# Question on FX6 - micro bubbles



## joeyo (Jul 2, 2012)

Hey Fish Fan!

I have a new FX6 and have been using it for about 3 months. about 3 weeks ago I started noticing micro bubbles coming out of my output hose. I turned it off and opened it up and noticed that the water was only at about 3/4 high. I'm not leaking, but somewhere air is getting into the line from the input side correct?

I filled it to remedy the issue, and then on my next cleaning, I have the same issue. I clean this every 3 weeks. Is that too frequent?

I have a blue filter sponge on top, ceramic rings in both trays in the middle section, and two coarse sponge in the bottom. The half circle coarse sponges are in each tray as normal.

I'm loosing water in the canister, if there are no water leaks but air is getting introduced. Could this be a gasket issue?
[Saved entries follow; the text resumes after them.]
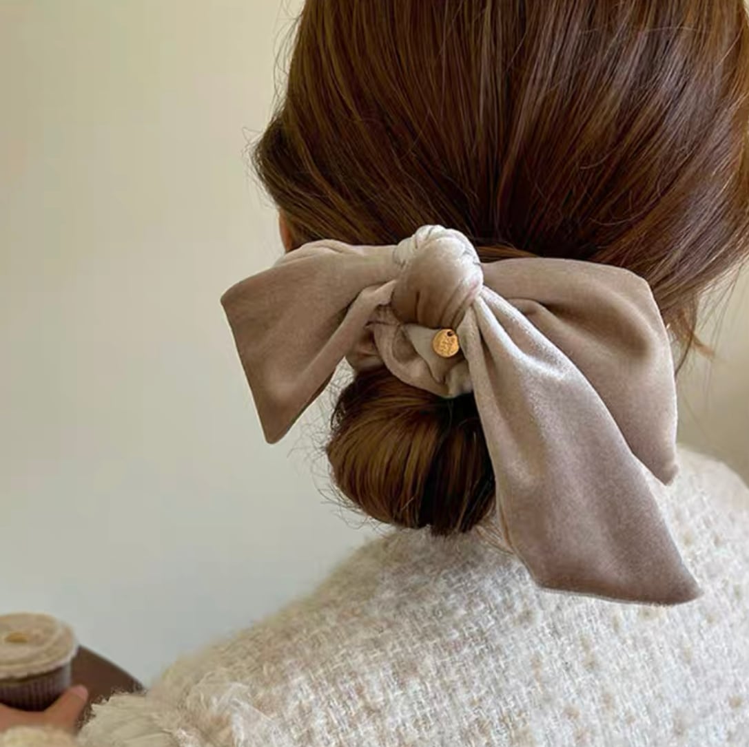 秋冬ムード漂う、大人女性におすすめしたいベロア地のリボンヘアゴム。
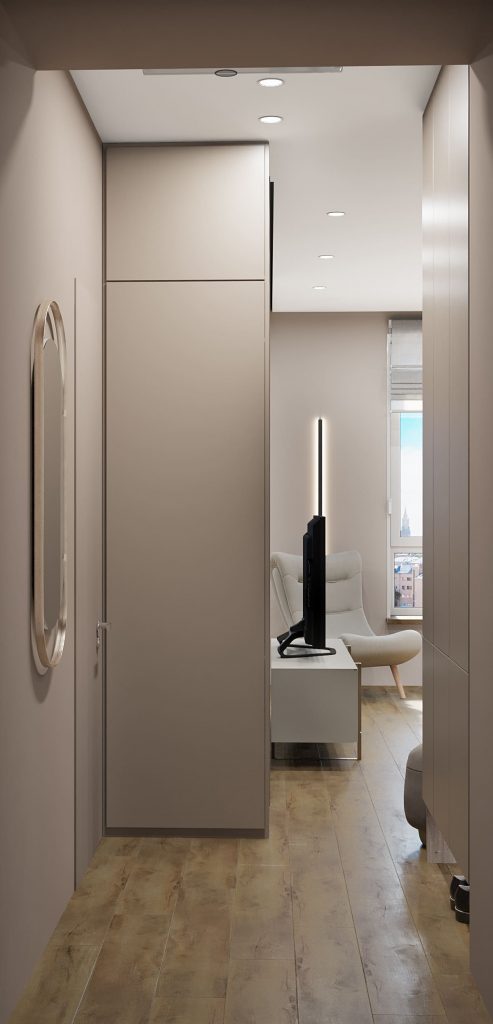 Однокомнатная квартира с перепланировкой в двухкомнатную, в современном стиле в бежевых оттенках; с прихожей, гостиной, мини-кухней, спальней и санузлом.
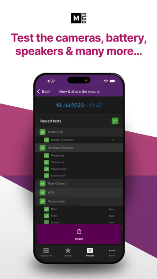 You can use M360 Diagnostics to test most components of a mobile phone or tablet, to check if everything is working well.
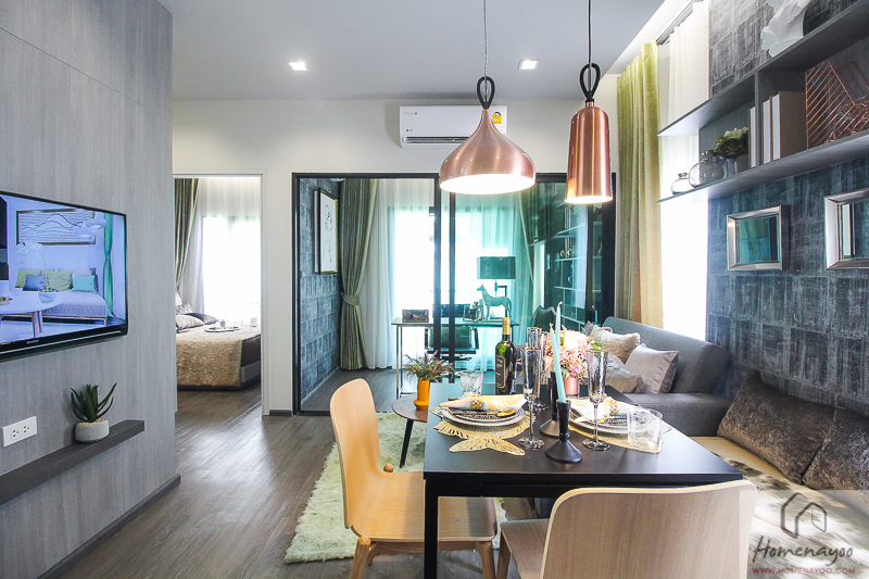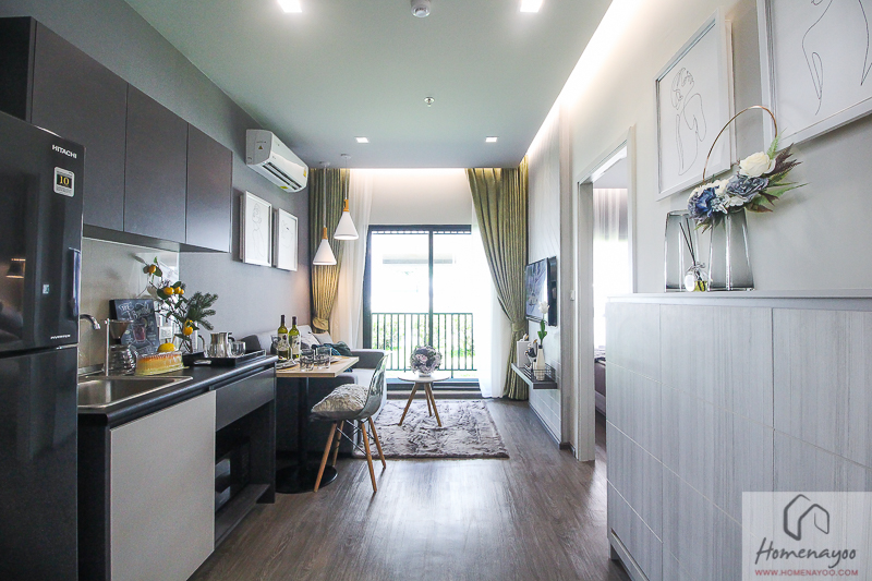 ห้องนี้ก็จะมีขนาดกว้างขึ้น อยู่ได้ 2 คนสบายๆค่ะ เข้ามาในห้องส่วนแรกเป็นพื้นที่โถงส่วนกลาง แบ่งพื้นที่เป็นครัวเปิด, มุมทานอาหารและห้องนั่งเล่น
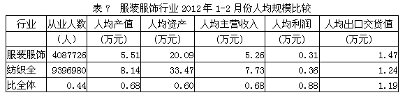 7服裝服飾行業(yè)人均規(guī)模比較
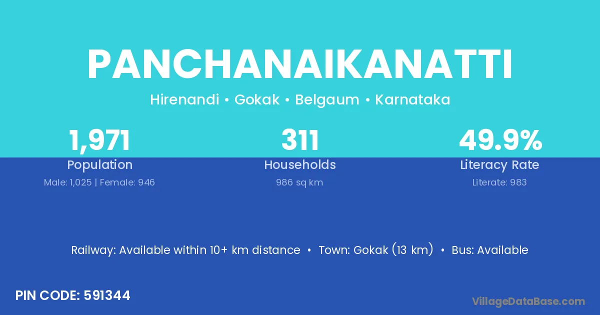 Gokak (13 km) is the nearest town to Panchanaikanatti village for major economic activities and is located approximately 13 km away.
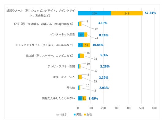 お得なキャンペーン情報の入手先を調査した結果、最も多かったのは「通知やメール」で、全体の57.3%を占めました。特にショッピングサイトや実店舗からの通知が役立っているようです。次いで「ショッピングサイト」(10.8%)を利用する人が多い一方、「SNS」(3.2%)や「インターネット広告」(8.2%)は少数派でした。また、「情報を入手したことがない」と答えた人も7.4%おり、情報収集に積極的でない層が一定数いることがわかります。この結果から、シニア層への情報発信にはメールや通知が効果的ですが、SNSや広告を組み合わせることで、より幅広い層へのリーチが期待できる可能性があります。
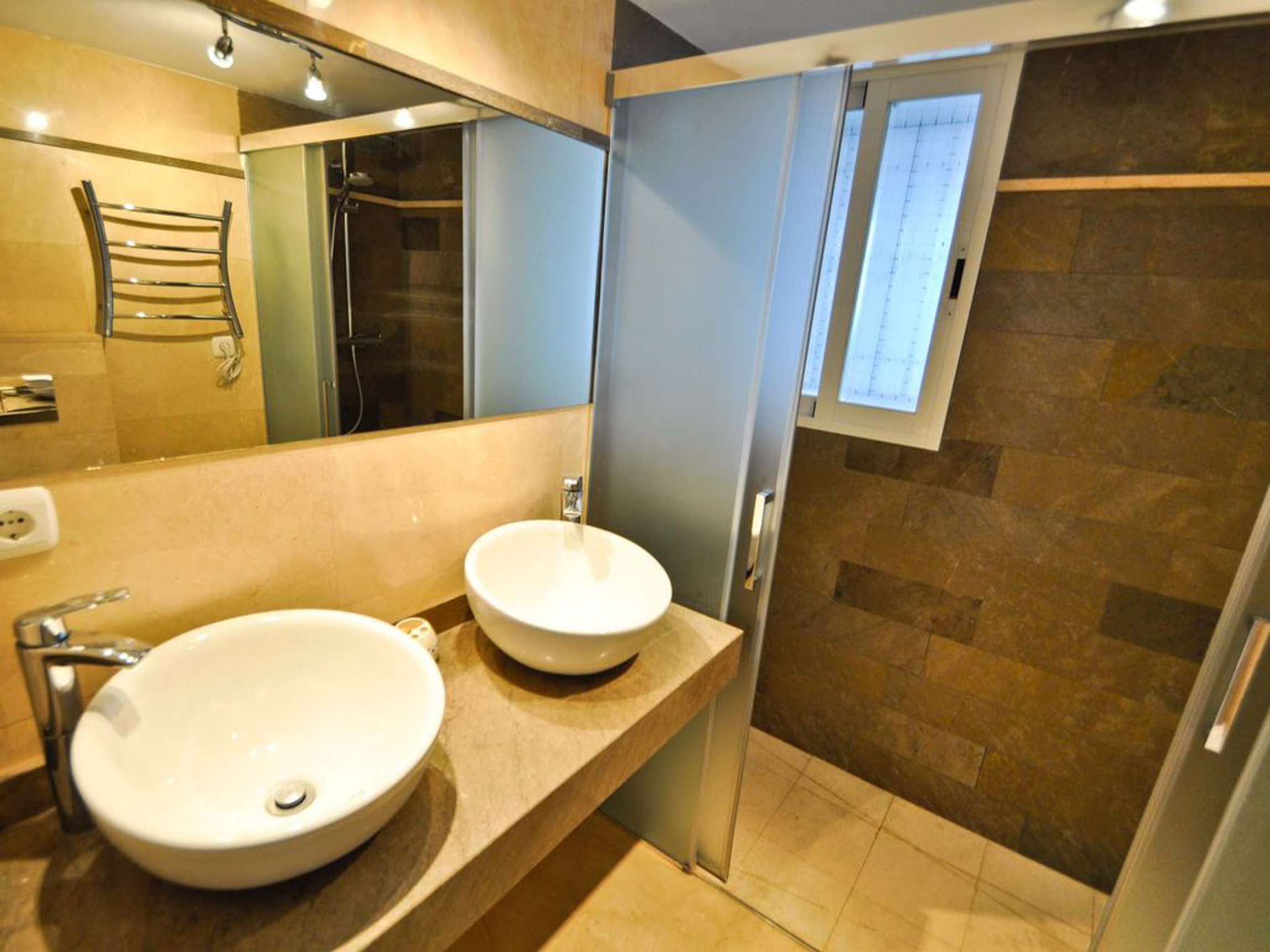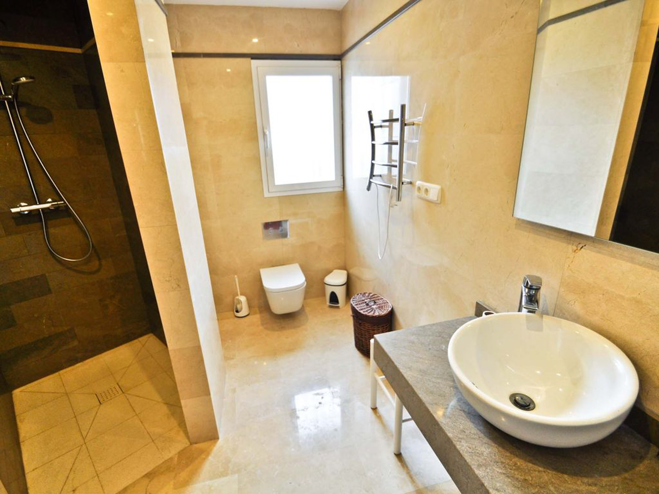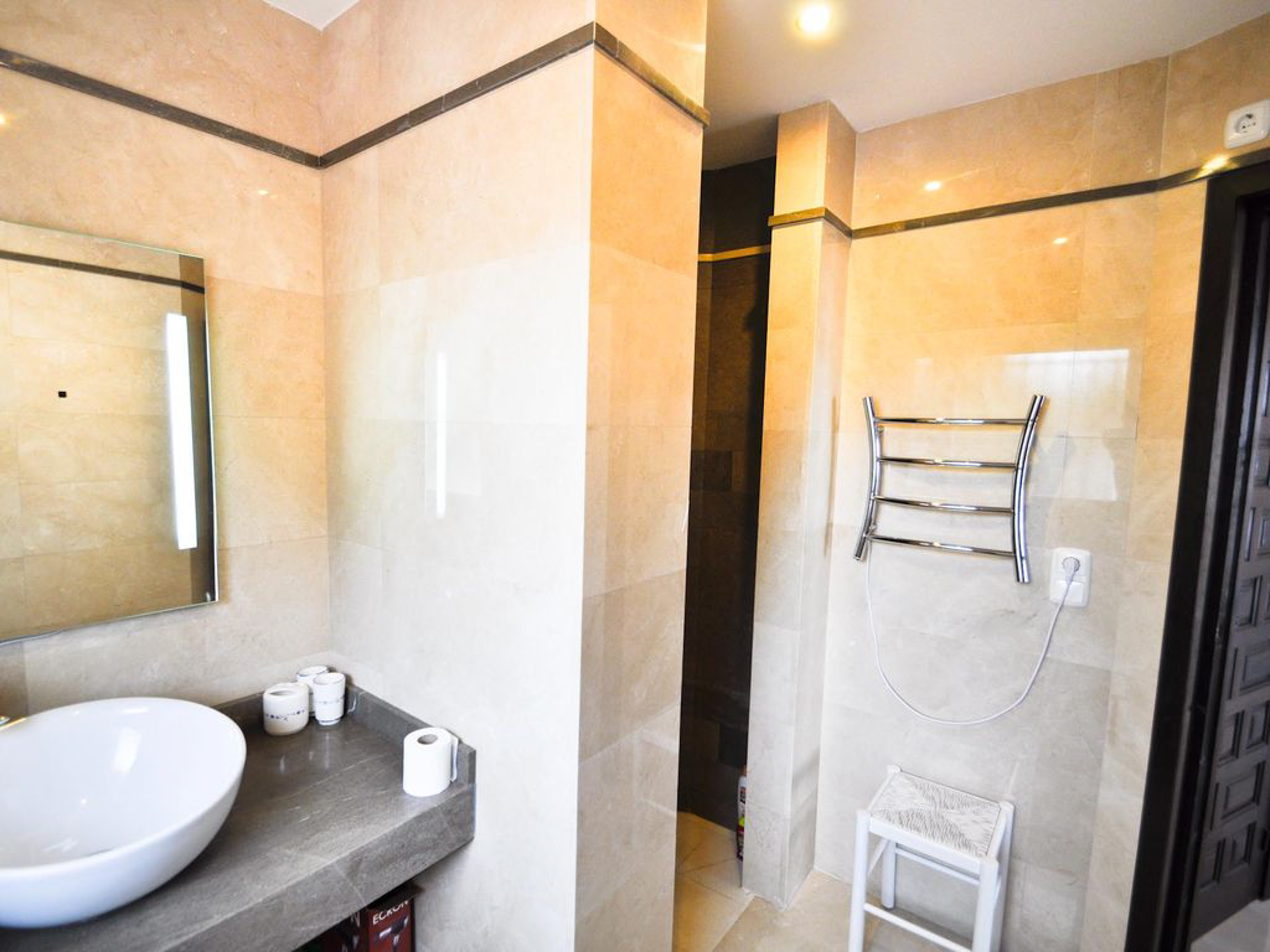 - 1 chambre avec 2 lits de 90 cm et salle de bain avec lavabo, cabinet, douche splendide avec robinets thermostatiques et grande armoire

Please share your knowledge to assist me with this.

Thanks! Joe


----------



## Deeda (Oct 12, 2012)

Usually micro bubbles on FX series filters are due to the intake rubber connection not being a couple inches below the water level, sags in the hoses or clogged media.


----------



## SportDog (Jan 30, 2017)

Deeda is spot on here. I would check your connections and tighten them down as well. Any hose clamps should be checked to ensure air is not making its way in at those points.


----------



## JimA (Nov 7, 2009)

When I start seeing bubbles like that, it's usually ready for a cleaning. That being said my FX5 is ran as mechanical filtration with filter floss in each center tray.


----------